Like Phiri, Chama trained to become a facilitator after she completed her own treatment. Both women now work in the area around Lusaka, Zambia’s capital and biggest city. It can be challenging to get women to participate. Many ask if they’ll get any compensation, and women often don’t have much time to go to the sessions.
Chama sees the positive impact the treatment has on the groups she facilitates. “It is really a benefit to the community,” she says.
StrongMinds isn’t the only organization that uses an approach of training people with little or no health background to provide mental health services. Friendship Bench, an organization based in Zimbabwe, similarly mobilizes lay people to facilitate mental health support. That use of community members is an “important innovation” to expand mental health support, according to Mark Van Ommeren, who heads the mental health unit of the World Health Organization’s Department of Mental Health and Substance Abuse.
Van Ommeren says StrongMinds is particularly notable for how the organization has been able to scale its services up, while adhering to an evidence-based model that has been tested and proven in African contexts.
“There is an enormous amount of people that are suffering [from] depression, and also other disorders,” Van Ommeren says. “They’re making a difference.”
Maintaining the quality of StrongMinds treatment as the organization expands is a challenge, acknowledges Mayberry.
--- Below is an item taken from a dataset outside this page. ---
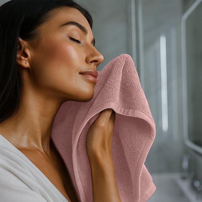 RIVERSIDE 12 Pack Washcloths - 12x12 Inches, 400 GSM, 100% Ring-Spun Cotton - Soft, Absorbent & Durable Face and Body Towels - for Bathroom, Spa, Gym, Makeup Removal & Everyday Use - Dusty Rose

Volunteers go through regular training refreshers. Surprise audits check in on the quality of programs. And the organization is rigorous about screening clients throughout treatment to gauge their symptoms and collecting data on outcomes.
Over the last decade, StrongMinds has refined its approach, and reduced the course of treatment from more than $400 per patient a decade ago to $40 — which the organization fully covers so participants receive treatment for free. While this is a relatively low price tag for mental health treatment, Mayberry says funding remains a limitation.
For women who struggle with depression, the group therapy can have a huge impact on their lives. Phiri, who went through the treatment in 2020, says it helped her to connect with people again. Now, she enjoys bringing that support to others.
“I really want to see people get out from depression,” she says. “It’s my passion.”